Roasted Hoisin Glazed Cabbage

There are certain “shortcut” sauces out there that I almost always reach for when I want to infuse a bunch of delicious flavor without spending lots of time time chopping, blending, peeling, or pulsing. Some are easy to make at home and others would take hours. Homemade sriracha sounds like a great challenge but the thought of the chile fumes and fingers sends me packing.

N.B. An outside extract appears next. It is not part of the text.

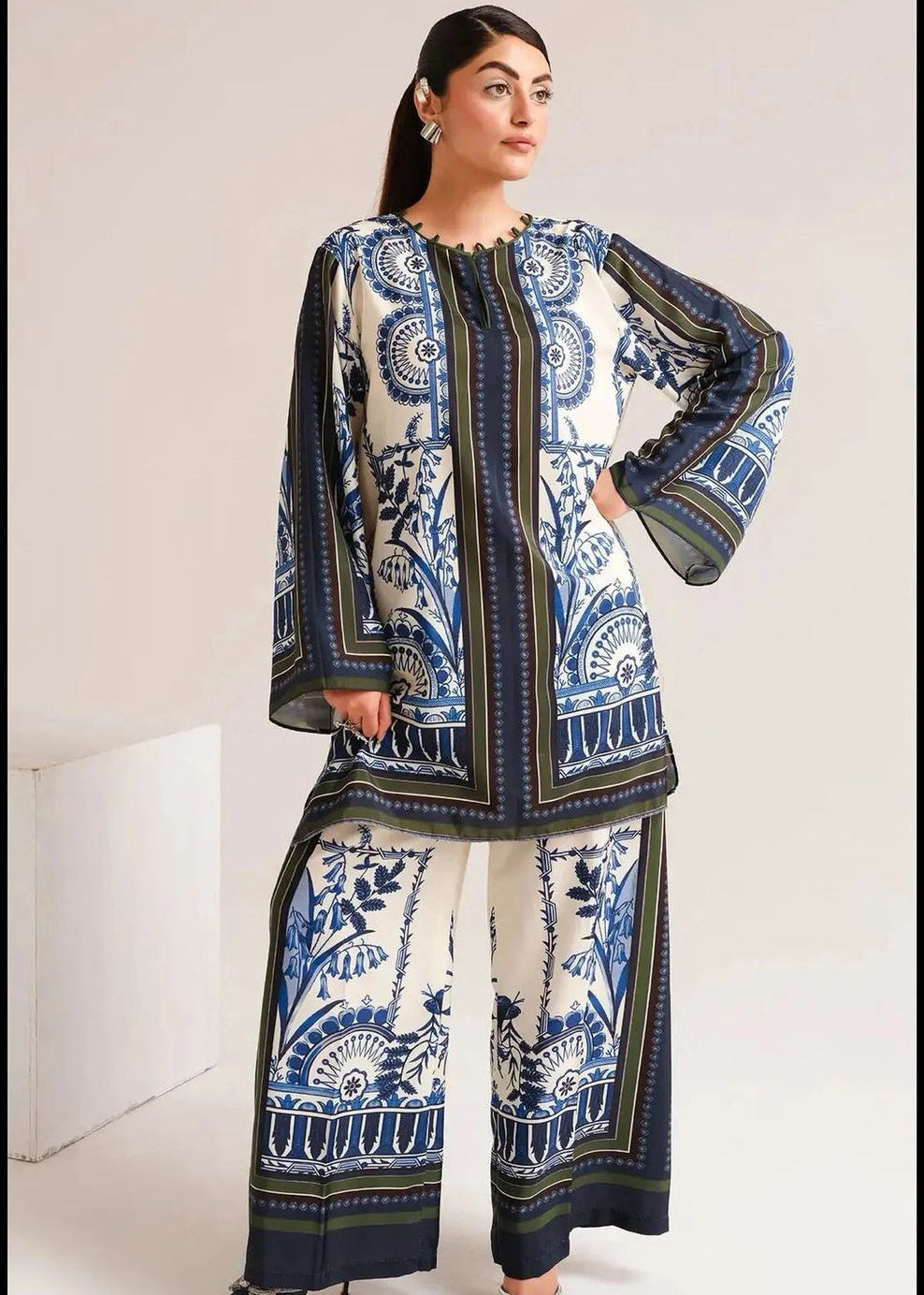 Step into elegance with this statement luxury co-ord set featuring rich blue and ivory prints inspired by Mughal motifs. Crafted from a soft, flowy silk-feel fabric, this 2-piece outfit includes a long straight kurta and wide-leg palazzo pants, making it perfect for festive gatherings, formal dinners, or stylish everyday wear.

One of my favorite shortcut sauces is Hoisin sauce, which is the star of today’s recipe. Hoisin is a Chinese sweet, salty, slightly spicy sauce that pairs great with proteins, stir frys, and veggies. It can usually be found with other Asian sauces and ingredients or you can make your own version at home in about 10 minutes. Either way it infuses great, rich flavors into dishes and makes the perfect pairing for earthy cabbage in this simple roasted side dish. For glazing, like in this recipe, I like to thin out the sauce with a touch of soy and rice vinegar, but you could also use the sauce as is. I recommend giving the Hoisin a quick taste before adding soy since some versions are very salty. If yours is already plenty salty, just add water instead or leave it out.Roasted Hoisin Glazed Cabbage
Servings: 4
Serving Size: 1/4 of cabbage, around 3 pieces.
Nutritional Information: 40 calories, 0.3g of fat, 7.9g of carbohydrates, 2.9g of fiber, 1.4g of protein, 4.5g of sugar
Weight Watchers® PointsPlus®: 1 * (more…)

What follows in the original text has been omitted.